Fiquei analisando a história que ele contava. Por alguma razão a ideia de que aquela alma estava mentindo perdurou na minha cabeça. Eu sabia que existiam aqueles nascidos no Paraíso, mas não sabia que as pessoas podiam "adotar" uma alma, ainda mais como irmão. Talvez um casal, se é que havia algum além de mim e Thais – o pensamento mais uma vez me entristeceu –, gostaria de adotar um como filho. Mas as almas não mentiam, nem mesmo quando estavam vivas – se mentissem, não chegariam até aqui. Acreditei, desconfiando, na história, pois eu era o prisioneiro, então era melhor não questionar.

– Chega de papo. – O líder encerrou a história.

A luz nascente ofuscou minha visão quando saímos do túnel. Estávamos em um pequeno píer, de onde podíamos ver a London Eye, a maior roda gigante do mundo. Estava parada e sem luzes, mas eu podia imaginar como ela seria a noite em pleno funcionamento. Imaginei os milhares de milhões de pessoas que deviam passar ali todos os anos. Pais que levavam os filhos pequenos para ver Londres lá do topo; casais enamorados trocando beijos enquanto giram na roda. Imaginei-me com Elena ali, na Terra. Era um dos nossos sonhos visitar – ou quem sabe, morar – em Londres. Na verdade, tínhamos muitos sonhos. Sorri, mesmo diante daquela estranha situação.

Ao mesmo tempo, meu coração apertou. Pensei em Thais, e no que eu tinha feito com ela. Ela gostava de verdade de mim, e eu apenas aproveitei devido ao calor do momento. Se eu pudesse, pulava naquele rio e morreria afogado, mas havia muitas coisas dependendo de mim naquele momento. Além de eu já estar morto.

Um negão de uns três metros de altura me tirou do carrinho com apenas uma das mãos e me colocou de pé na plataforma. Paramos e esperamos algo que eu não sabia o que era. Até que vi um barco vindo em nossa direção. Eles deviam se esconder em um navio em algum lugar. Apenas o líder, o guarda com quem conversei, o negão, Thais e eu subimos no barco. O resto dos soldados voltou ao túnel.

A embarcação seguiu pelo rio até desembocar no mar, onde há quilômetros mar adentro havia um iate imenso. De onde eu estava, podia ver que, no teto, havia um heliporto. O dono desse barco teria muito dinheiro se estivéssemos na Terra, pensei. Nós embarcamos e seguimos por um corredor lateral; entramos por uma porta que dava num corredor estreito com diversas portas aos lados, onde, no fim, havia uma porta fechada com uma alavanca redonda. E foi onde entramos.
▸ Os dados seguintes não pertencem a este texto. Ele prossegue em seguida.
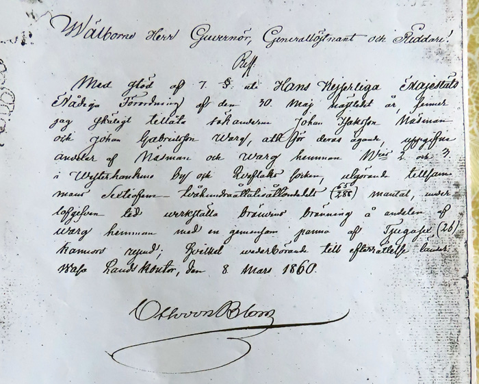 Åren 1800 till 1865 avgjorde jordinnehav möjligheten att få tillstånd till brännvinsbränning. Det var troligen orsaken till att Warg och Näsman gjorde en gemensam anhållan och fick tillstånd till bränning med en panna av 26 kannors rymd (1 kanna = 2,65 liter). Deras lagliga verksamhet blev inte långvarig eftersom brännvinsbränning förbjöds 1865.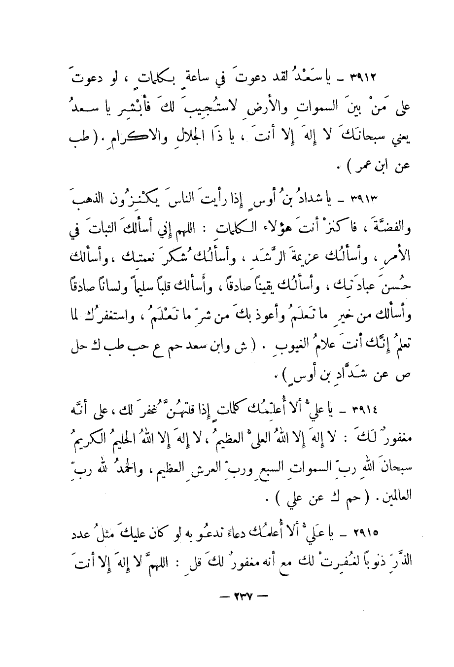3912 – "يا سعد لقد دعوت في ساعة بكلمات، لو دعوت على من بين السموات والأرض لاستجيب لك فأبشر يا سعد يعني سبحانك لا إله إلا أنت، يا ذا الجلال والإكرام" "طب عن ابن عمر".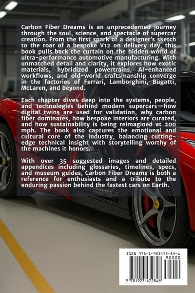 Carbon Fiber Dreams is an unprecedented journey through the soul, science, and spectacle of supercar creation. From the first spark of a designer's sketch to the roar of a bespoke V12 on delivery day, this book pulls back the curtain on the hidden world of ultra-performance automotive manufacturing. With unmatched detail and clarity, it explores how exotic materials, hybridized powertrains, AI-enhanced workflows, and old-world craftsmanship converge in the factories of Ferrari, Lamborghini, Bugatti, McLaren, and beyond. Each chapter dives deep into the systems, people, and technologies behind modern supercars-how digital twins are used for validation, why carbon fiber dominates, how bespoke interiors are curated, and how sustainability is being reimagined at 200 mph. The book also captures the emotional and cultural core of the industry, balancing cutting-edge technical insight with storytelling worthy of the machines it honors. With over 35 suggested images and detailed appendices including glossaries, timelines, specs, and museum guides, Carbon Fiber Dreams is both a reference for enthusiasts and a tribute to the enduring passion behind the fastest cars on Earth.

Ali havia uma equipe de marujos, todos vestidos com roupas simples: calças jeans e camisetas brancas sem estampa. Contudo, havia um homem que se destacava dos outros. Estava de costas para nós; usava um terno italiano azul marinho de corte perfeito para ele; era uma cabeça e meia mais alto que eu; ele usava um quepe branco. O capitão do navio virou-se para nós.